**YOUR TASK:** The data below contains pictures, which are to be skipped; the lines starting at the line with "USB A a USB C." and ending at the line with "可以使用关联的 Base 钱包和" are to be output exactly, both ends included.

---------- AVAILABLE DATA ----------

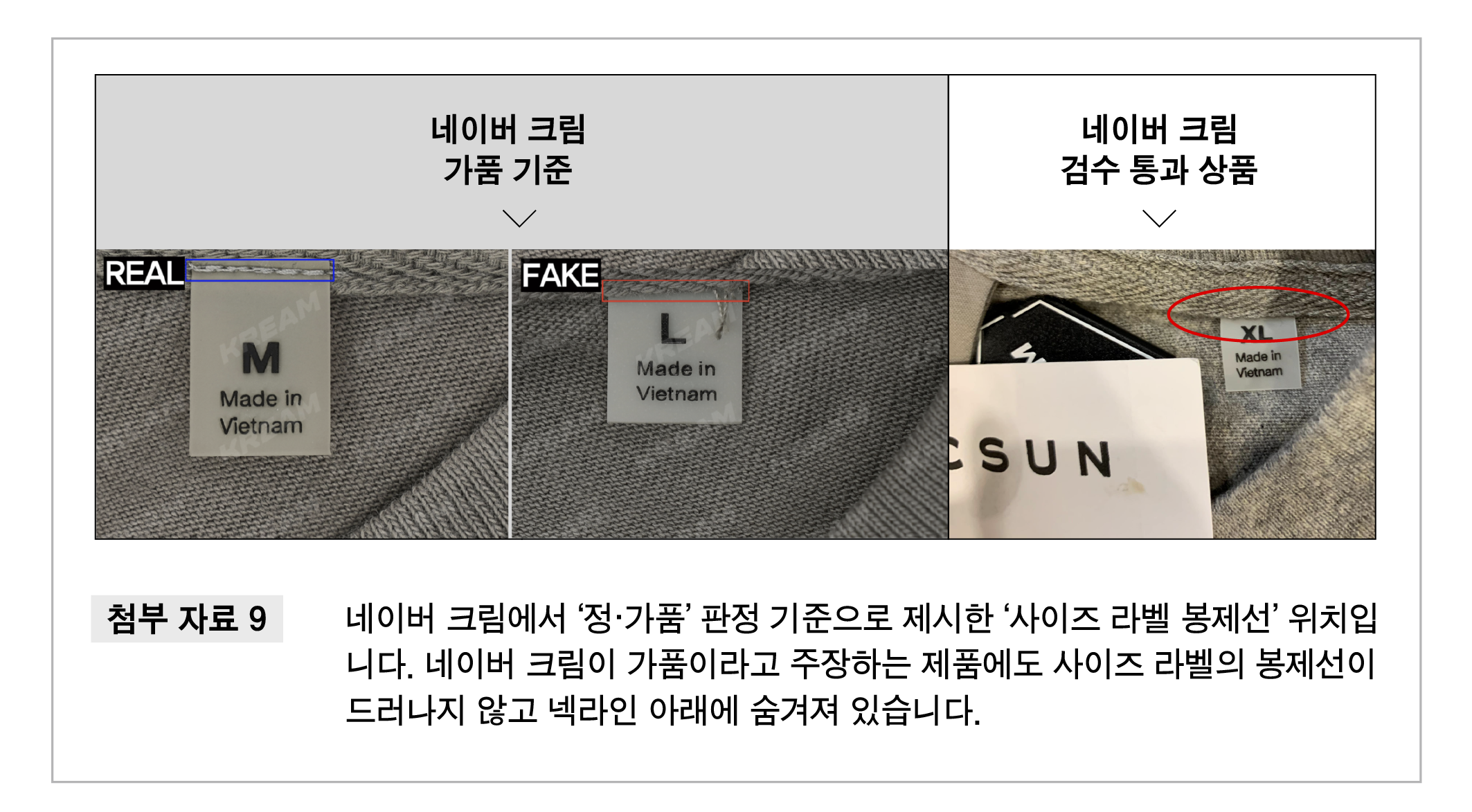 아울러 네이버 크림이 정품으로 검수한 개체들 사이에서조차 자신들이 기준으로 내세운 정·가품 포인트가 서로 다르게 나타나기도 했습니다. 사이즈 라벨 봉제선에 대해서 정품은 라벨 위로 드러나는 반면 가품은 라벨 속에 감춰져 있다고 주장했지만, 검수를 통과한 상품 중에는 라벨이 위로 드러나거나 감춰있는 제품이 모두 존재했습니다.
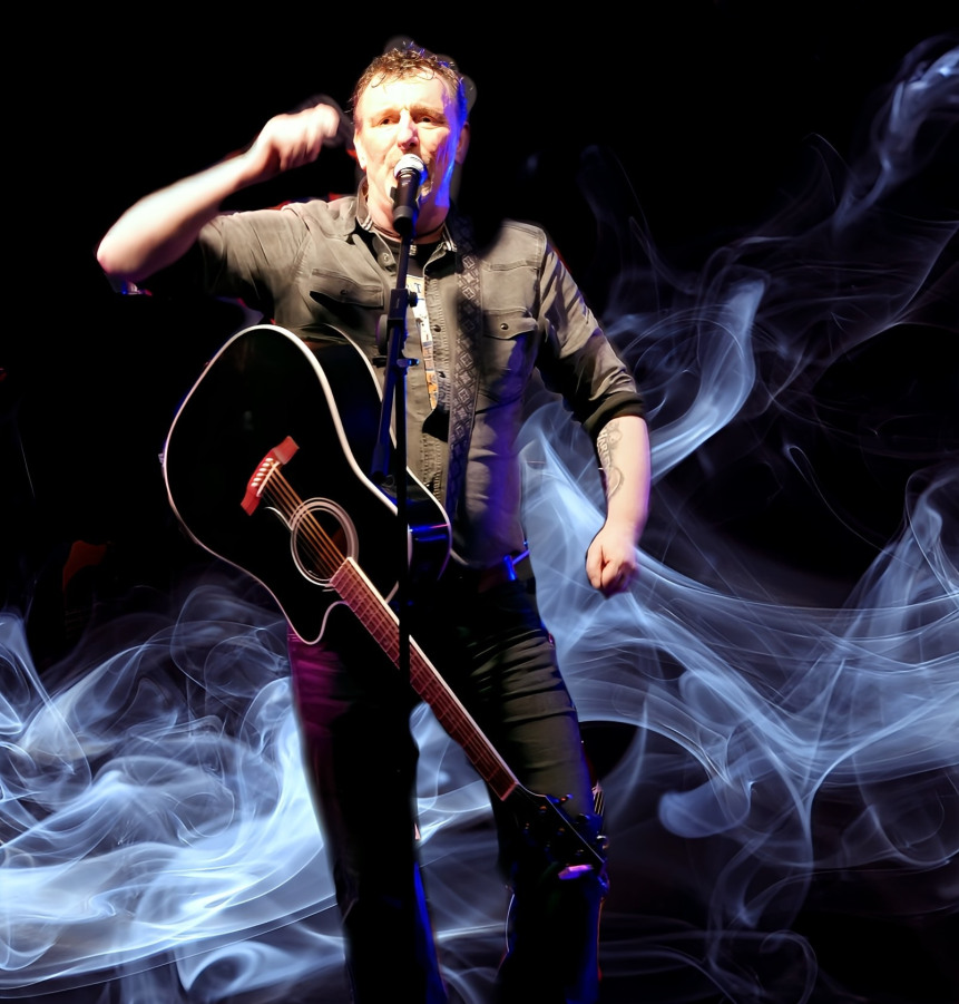 Die Lieder von Bruce Springsteen haben es ihm derartig angetan, dass er nicht nur als Leadsänger bei „Stringsteen Unplugged“ seine Songs singt, sondern auch noch auf Solopfaden unterwegs ist. Neben dem Gesang lässt er es sich nicht nehmen, auch in die Gitarrenseiten zu greifen und Mundharmonika zu spielen. Seine Spielfreude sieht man ihm auf der Bühne regelrecht an, und die überträgt sich auf alle um ihn herum.
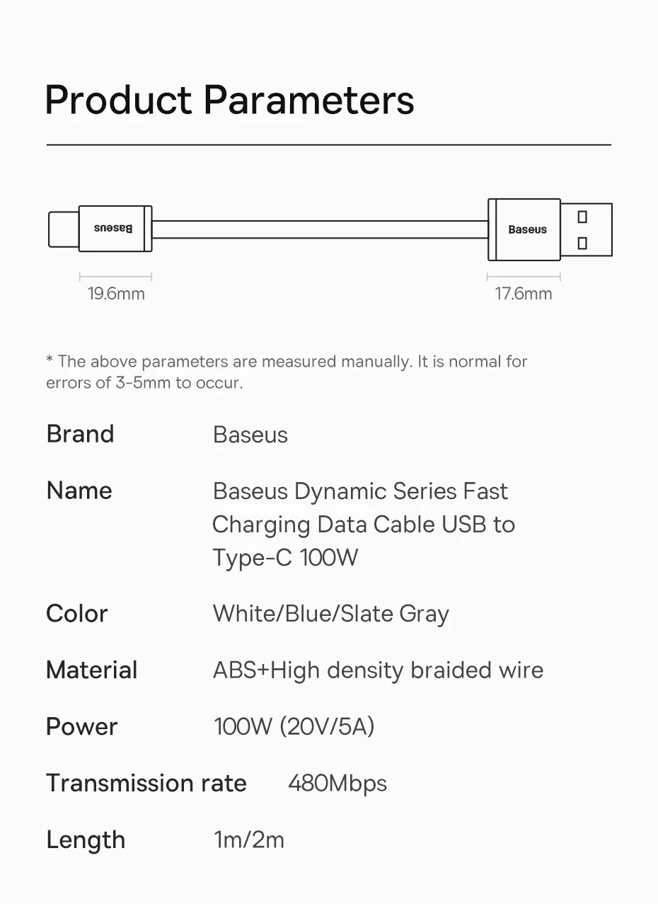 • Carga rápida:Cargue sus dispositivos rápidamente con la función de carga rápida del cable Baseus 100W USB A a USB C.
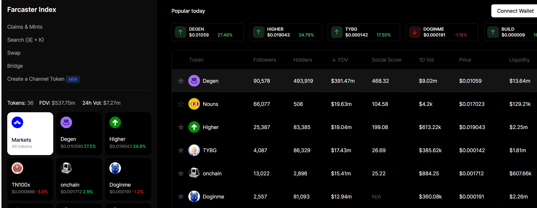 可以使用关联的 Base 钱包和 Warpcast 绑定钱包体验 Farcaster Index ,交易 Farcaster 生态的 Meme 币,比如大火的 $Degen、$Nouns。
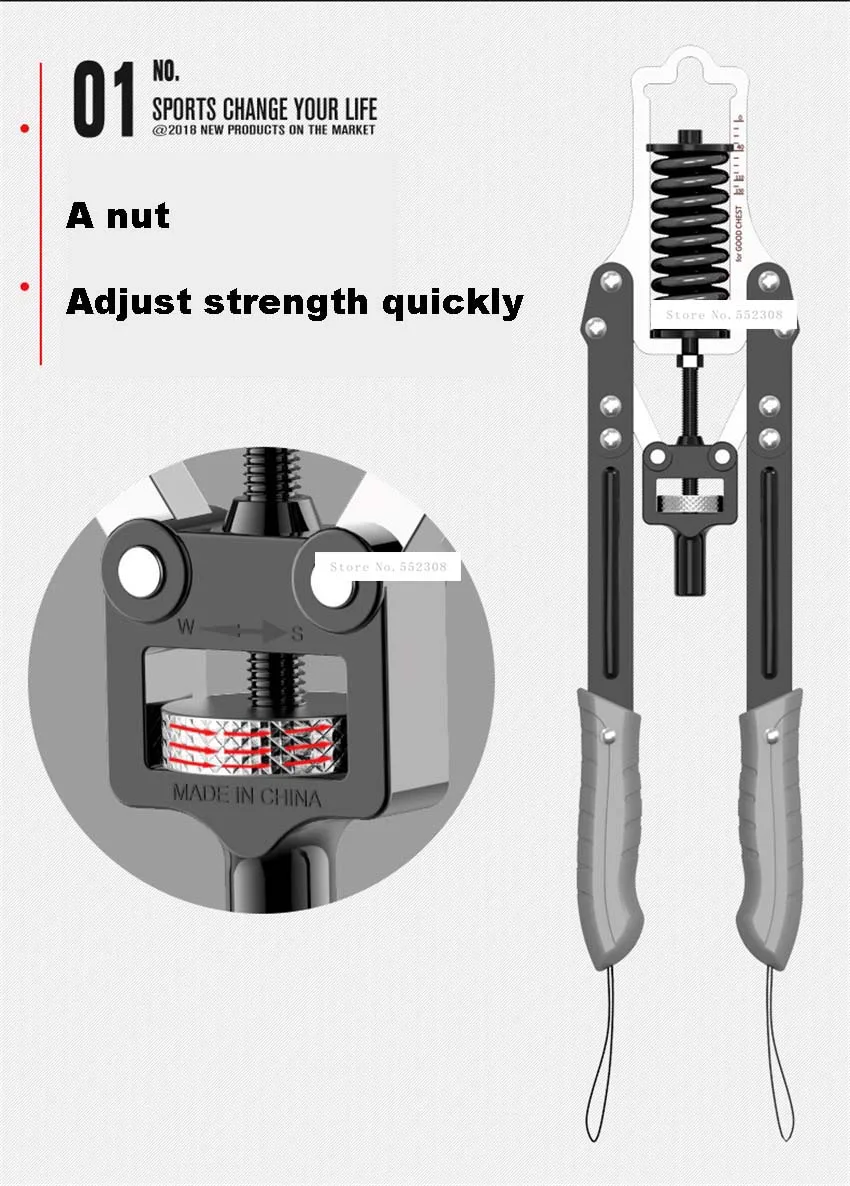 Название продукта: Сила Руки Номер модели: TH1 Материал: утолщенная пластина из углеродистой стали, инженерный пластик из ПВХ, высокопрочная пружина из углеродистой стали Регулируемый диапазон: 30 кг-75 кг Цвет: черный/красный Назначение: силовые тренировки, такие как домашнее фитнес-оборудование иОсновной тренажер для мышц груди и рук Пакет 1 * прочность рукиПоказ изображения

----------

**EXERCISE RESPONSE:**
 • Carga rápida:Cargue sus dispositivos rápidamente con la función de carga rápida del cable Baseus 100W USB A a USB C.
 可以使用关联的 Base 钱包和 Warpcast 绑定钱包体验 Farcaster Index ,交易 Farcaster 生态的 Meme 币,比如大火的 $Degen、$Nouns。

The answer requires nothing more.